Echo survey reveals fears of practice changes due to CMS cuts
Initial results of a survey conducted by the American Society of Echocardiography (ASE) found that 87 percent of cardiologists and cardiovascular ultrasound technicians feared that the 2010 Center for Medicaid & Medicare Services (CMS) Physician Fee Schedule (PFS) could trigger staff reductions, end their practice or require them to stop accepting Medicare patients.

The survey comes as a result of CMS releasing the PFS final rules Oct. 30, which revealed cuts of 10 to 40 percent to cardiology services over the next four years. In addition, the agency proposes that it “will reduce the conversion factor for services on or after Jan. 1, 2010, by 21.2 percent rather than the -21.5 percent projected in the proposed rule.”

As of press time, the U.S. House of Representatives had repealed this cut. The legislation, if passed by the Senate, would eliminate all SGR debt accumulated over the years because of temporary, unfunded fixes. It also would establish updates based on two new targets with significantly higher spending growth allowances than the SGR.

The survey of 1,200 cardiologists and cardiovascular ultrasound technicians, 64 percent of the echocardiography service providers affected most directly by the PFS payment cuts said they will be considering delaying the purchase of echo equipment, while 56 percent said they are considering staff layoffs and 53 percent reducing staff salaries.

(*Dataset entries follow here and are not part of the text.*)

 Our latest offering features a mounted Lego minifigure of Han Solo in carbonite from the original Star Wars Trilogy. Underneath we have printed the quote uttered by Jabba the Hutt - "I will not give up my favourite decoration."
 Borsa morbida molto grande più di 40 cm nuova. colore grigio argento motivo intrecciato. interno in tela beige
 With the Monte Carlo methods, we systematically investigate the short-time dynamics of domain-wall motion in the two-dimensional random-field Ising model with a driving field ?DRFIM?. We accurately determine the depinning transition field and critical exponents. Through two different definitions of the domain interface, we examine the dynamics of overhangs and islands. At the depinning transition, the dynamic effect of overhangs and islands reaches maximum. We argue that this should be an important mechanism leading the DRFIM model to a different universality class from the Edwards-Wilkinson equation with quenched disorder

Of the service providers who receive payments from the Hospital Outpatient Prospective Payment System (HOPPS) and who are indirectly affected by the cuts, 74 percent said they anticipate an increased workload, 67 percent expected longer wait times for patients and 43 percent expect increased overtime for staff and the need for additional cardiac sonographers.

“If private practices close their doors because they can no longer afford to provide these services, patients will be forced to go to the hospital,” said Ben Byrd, MD, advocacy chair of ASE. “This could be a life or death situation for Medicare patients, especially those in rural areas who can’t get to a hospital in a timely manner.”

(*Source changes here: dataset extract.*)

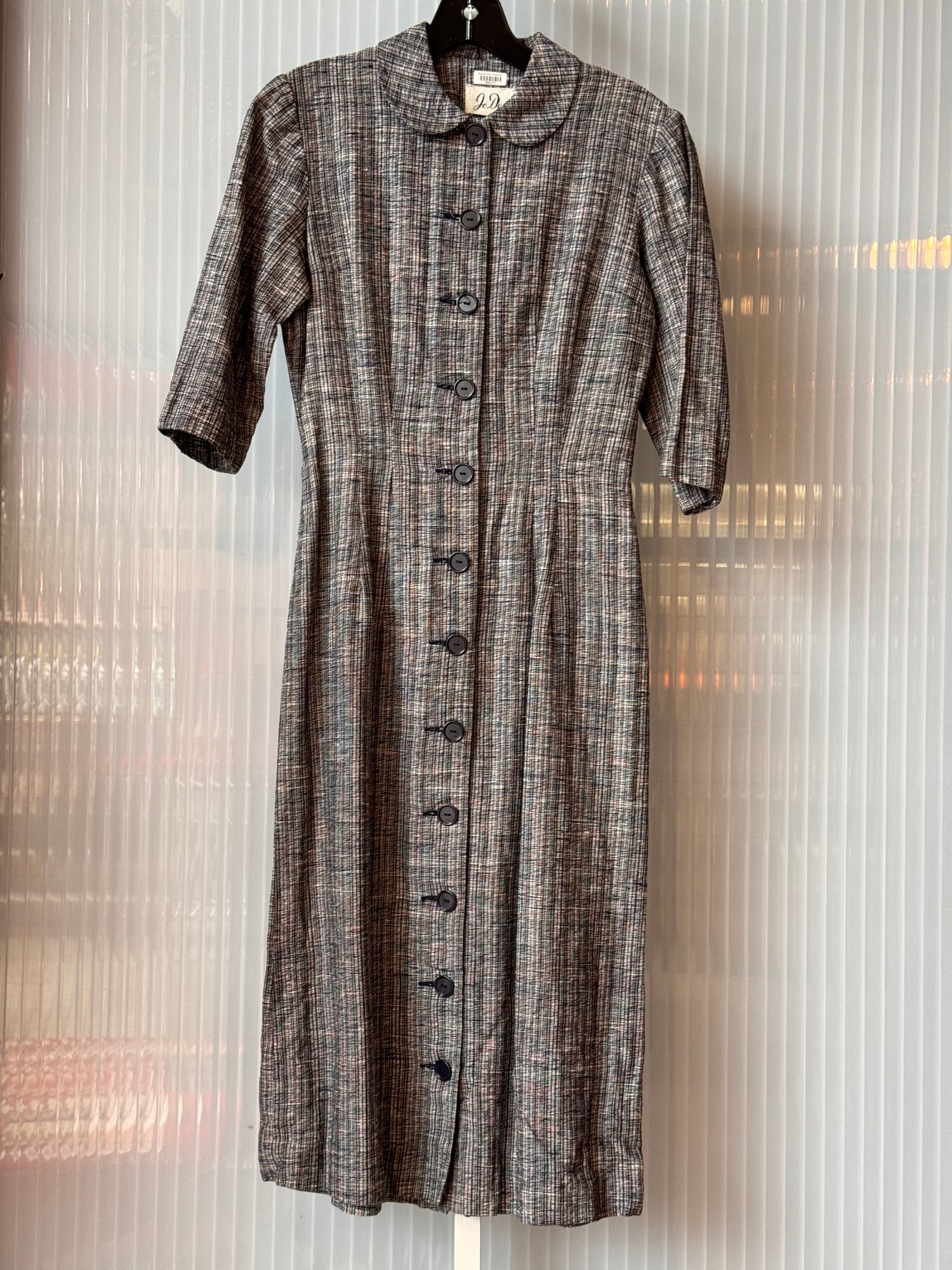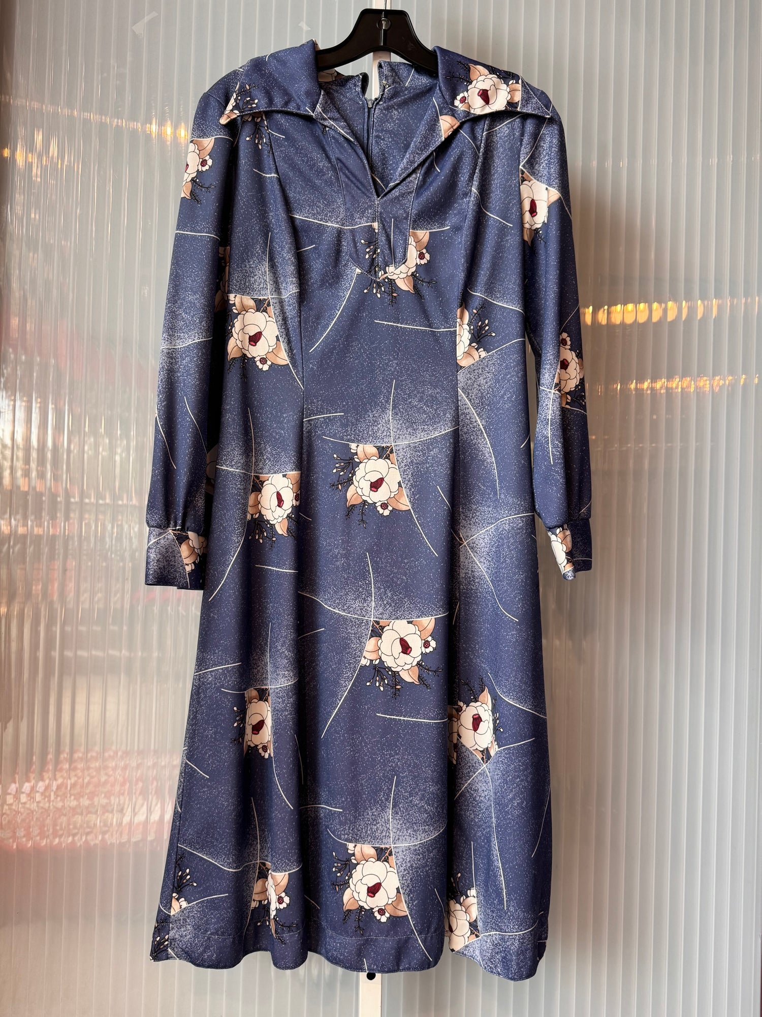 1970s Sears Slate Blue Floral Dress w/ Sash

Of the participants, 74 percent noted that the nearest provider of echocardiography services is a hospital, and almost a third reported that they provide service in a rural area, medically underserved area or both. In addition, 63 percent of the survey respondents noted that they serve a patient population where more than half are reimbursed by Medicare Part B.

According to survey participants, the new fee schedule could jeopardize patient care by restricting access to echocardiography and other services if practices are forced to reduce staff numbers or close practices.

Survey input ended yesterday, and ASE said that results will be used to illustrate the harmful effects the cuts would have on healthcare professionals and their patients to legislators and CMS.